Choi Kwang Do is a non-competitive martial art with no pressure testing (participants are instead encouraged to measure their success against their own past milestones), but for a natural and effective response to everyday stimuli and training is a mix of contact drills using pads and shields, non-contact drills and "in-fighting" close-quarter drills. Therefore, the pacifist can also practice Choi Kwang Do, as the ideals focus on self development, be it physical health goals, self confidence or preparation for self defence situation. It does not rely on mass to create strength, making it accessible to women and children as well as men.
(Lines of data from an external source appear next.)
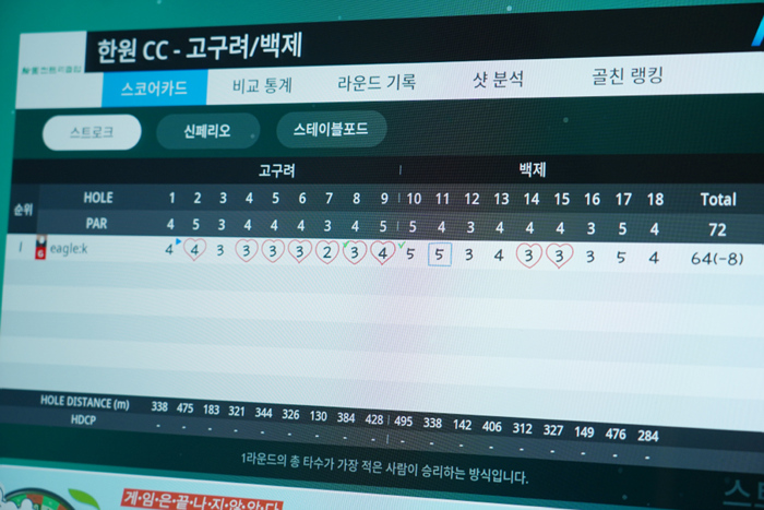 안정적인 퍼팅을 기반으로 스코어 또한 G핸디에 비해 매우 좋게 기록되었다. 계속 사용하며 적응하면 스크린 뿐만 아니라 필드 라운드에서도 좋은 결과를 만들 수 있으리라 생각된다.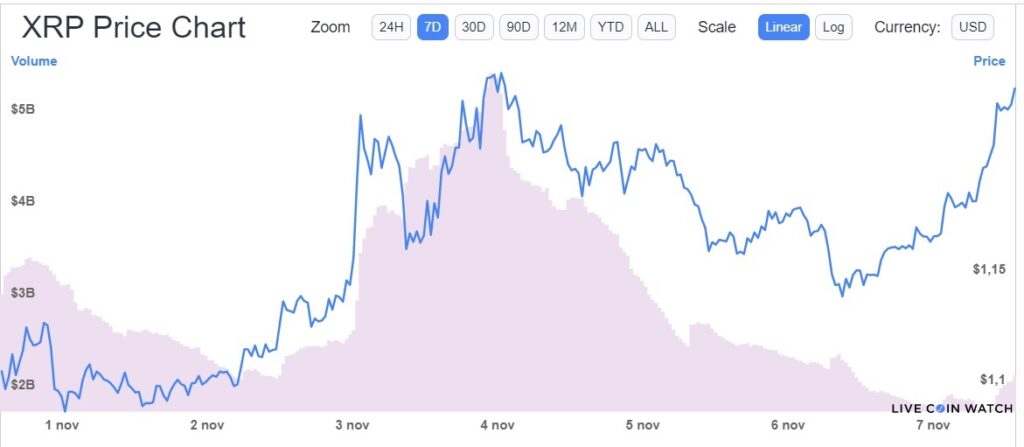En este contexto, hubo un avance significativo en el valor de la criptomoneda de Ripple en estos siete días, con un alza continua desde el 3 de noviembre. XRP llegó a un pico de USD 1,23 el día 4, una cifra a la que vuelve a acercarse este 7 de noviembre, luego de experimentar varios altibajos.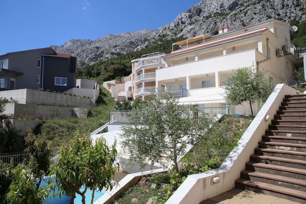 Hiša se nahaja na čudoviti in mirni lokaciji, približno 15 minut hoje do plaže ali 2 minuti vožnje, parkirate pa lahko neposredno na plaži brezplačno. Imamo dva bazena, veliko parkirišče, sobo s pralnimi stroji, žar ... hišni ljubljenčki so dobrodošli, kajenje pa je dovoljeno le zunaj, vsi apartmaji so dobro opremljeni in imajo balkone s pogledom na morje.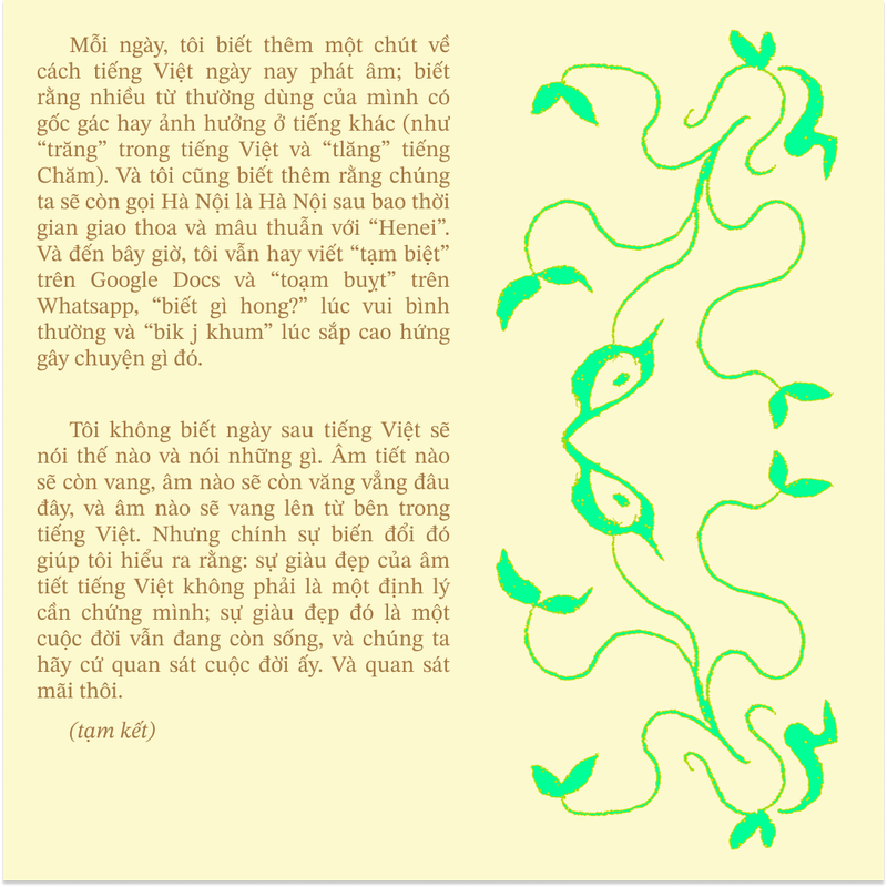 The Vietnamese language was born in the dense, misty forests that can disguise the Karst. From there, the language carried its Beloveds to the first capital and, with it, the expansion of the state. From the forest deep inland, the Vietnamese are now contemplating the vast ocean from endless sand dunes, turning the dangers in the grooves into cuisine and culture and blanketing the chilly imposing mountain ranges. Vietnamese has been going so far from its cradle. Today, Vietnamese is the star of the Austroasiatic linguistic family; it is the official language of a country that holds the sense of belonging of more than 100 million people. Changes did not just stay on maps, but also platforms. From inscribing on turtle shells and bones to marking time with stone, writing letters on paper, recording sounds, making phone calls, sending text messages, and posting status updates across the Internet. At this very moment, as we witness countless traditions either being granted wings to soar or absorbed into the modernity of the times, the Vietnamese language has long been present, quietly evolving and adapting, already there before we even noticed.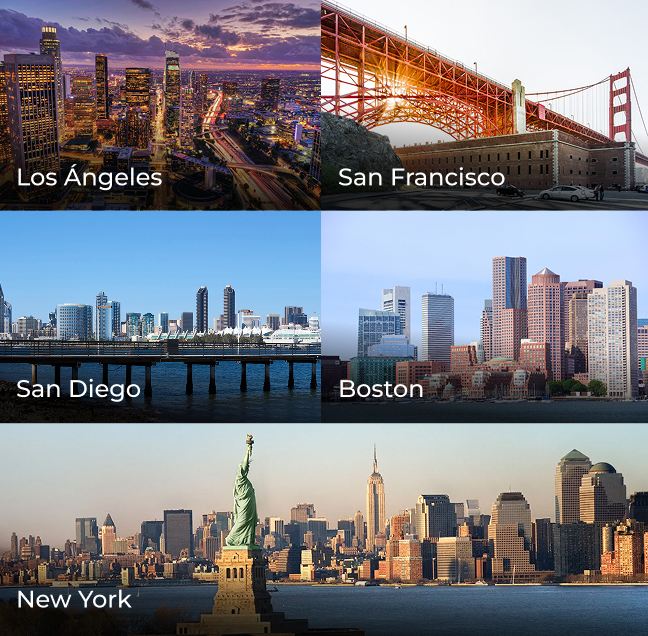 Ofrecemos programas de inmersión para mayores de 18 años, en 5 diferentes destinos en los Estados Unidos: Los Ángeles, San Francisco, San Diego, Boston y New York.

== Health considerations ==
A 2018 injury survey found that the annual rate of injury is 11.73 for every 100 Choi Kwang Do practitioners meaning it is a "safe martial art that adults of all ages can participate in", with no correlation between the length of training experience and injury. The most common causes of injury were cited as improper technique and overexertion.

==Practitioners==
Notable practitioners of the Choi Kwang Do style include:
- Choi Kwang-jo (founder) – inducted into the Taekwondo Times Magazine Hall of Fame, 2006.
- Lynne Russell – Deputy Sheriff, Private Investigator and author of How to Win Friends, Kick Ass and Influence People.
- Catriona Gray – Miss Universe 2018, and Filipino television host, singer, model, and stage actress.

==Grading system==
Choi Kwang Do uses a system of colored belts for ranking. Each color rank also has a corresponding "Senior" rank which is differentiated with a horizontal black stripe through the middle of the belt. For black belt ranks, a dan system is used from 1st through 9th dan. The rank of 9th dan is only held by Choi Kwang-jo.

Belt System
| White |  |
White Senior
| Yellow |  |
Yellow Senior
| Gold |  |
Gold Senior
| Orange |  |
Orange Senior
| Green |  |
Green Senior
| Blue |  |
Blue Senior
| Purple |  |
Purple Senior
| Red |  |
Red Senior
| Brown |  |
Brown Senior
| Black |  |

== Criticism ==
Choi Kwang Do has been criticised for claiming it is "proven" to be the most effective martial arts system in the world (as claimed on the CKD official website). Choi Kwang Do has never been able to substantiate this claim yet.

Due to the claims that Choi Kwang Do is the most effective martial art, it has drawn criticism in online forums.